Description of the task >> So that the copy stays text only, transcribe the data below exactly and exclude the images.

Records supplied below:

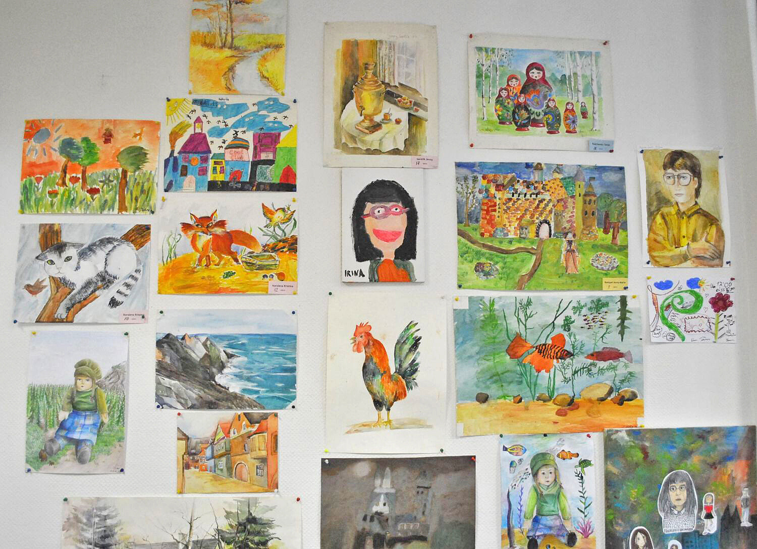 Folgt man ihrem Blick, fallen einem in der Tat die unterschiedlichen Namen der Kinder auf, die die Bilder gemalt haben: Irina, Mustafa, Lisa – unter den Namen ist das Alter der jungen Maler vermerkt. Von 6 Jahren bis 28 Jahren ist alles dabei.
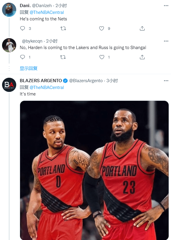 查尔斯-奥克利如此言论引热议,有球迷说詹姆斯将会去篮网,有球迷反驳詹姆斯不会去篮网,而是哈登加盟湖人,威少前往上海(神龟躺枪);也有球迷晒出詹姆斯身穿开拓者23号球衣联手利拉德的P照:是时候了。
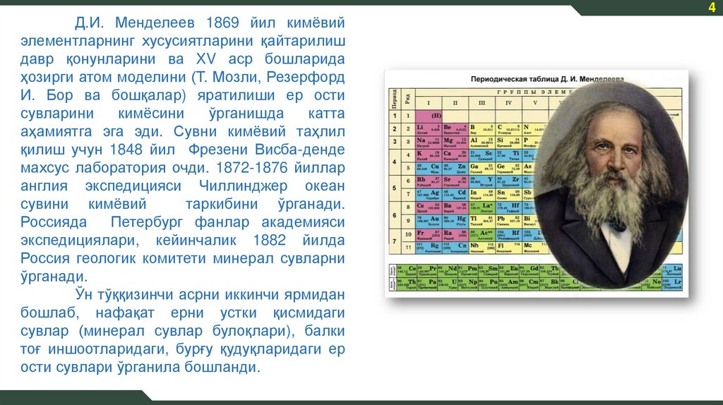 Д.И. Менделеев 1869 йил кимёвийэлементларнинг хусусиятларини қайтарилиш
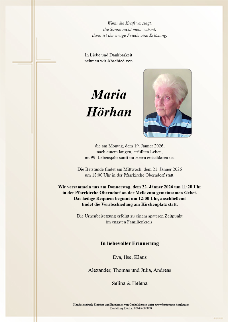 In lieber Erinnerung, Familie Hörhanentzündet am 19.01.2026
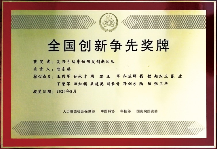 2020年5月30日,第二届全国创新争先奖评选结果揭晓,“复兴号动车组研发创新团队”荣获全国创新争先奖。
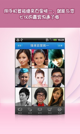 缘来百里挑一是缘来网与东方卫视百里挑一节目联合推出的一款移动婚恋交友应用;
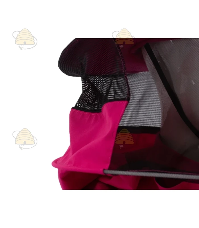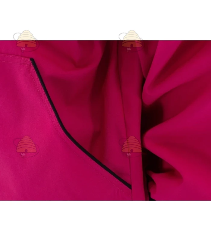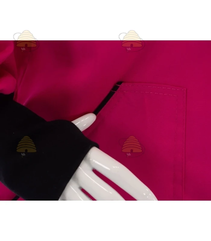 La veste est fuchsia et dispose d'un voile rond et de poignets élastiqués. Une veste apicole durable, confectionnée dans un tissu respirant.

End of Records supplied.

Answer to this exercise >>
 Folgt man ihrem Blick, fallen einem in der Tat die unterschiedlichen Namen der Kinder auf, die die Bilder gemalt haben: Irina, Mustafa, Lisa – unter den Namen ist das Alter der jungen Maler vermerkt. Von 6 Jahren bis 28 Jahren ist alles dabei.
 查尔斯-奥克利如此言论引热议,有球迷说詹姆斯将会去篮网,有球迷反驳詹姆斯不会去篮网,而是哈登加盟湖人,威少前往上海(神龟躺枪);也有球迷晒出詹姆斯身穿开拓者23号球衣联手利拉德的P照:是时候了。
 Д.И. Менделеев 1869 йил кимёвийэлементларнинг хусусиятларини қайтарилиш
 In lieber Erinnerung, Familie Hörhanentzündet am 19.01.2026
 2020年5月30日,第二届全国创新争先奖评选结果揭晓,“复兴号动车组研发创新团队”荣获全国创新争先奖。
 缘来百里挑一是缘来网与东方卫视百里挑一节目联合推出的一款移动婚恋交友应用;
 La veste est fuchsia et dispose d'un voile rond et de poignets élastiqués. Une veste apicole durable, confectionnée dans un tissu respirant.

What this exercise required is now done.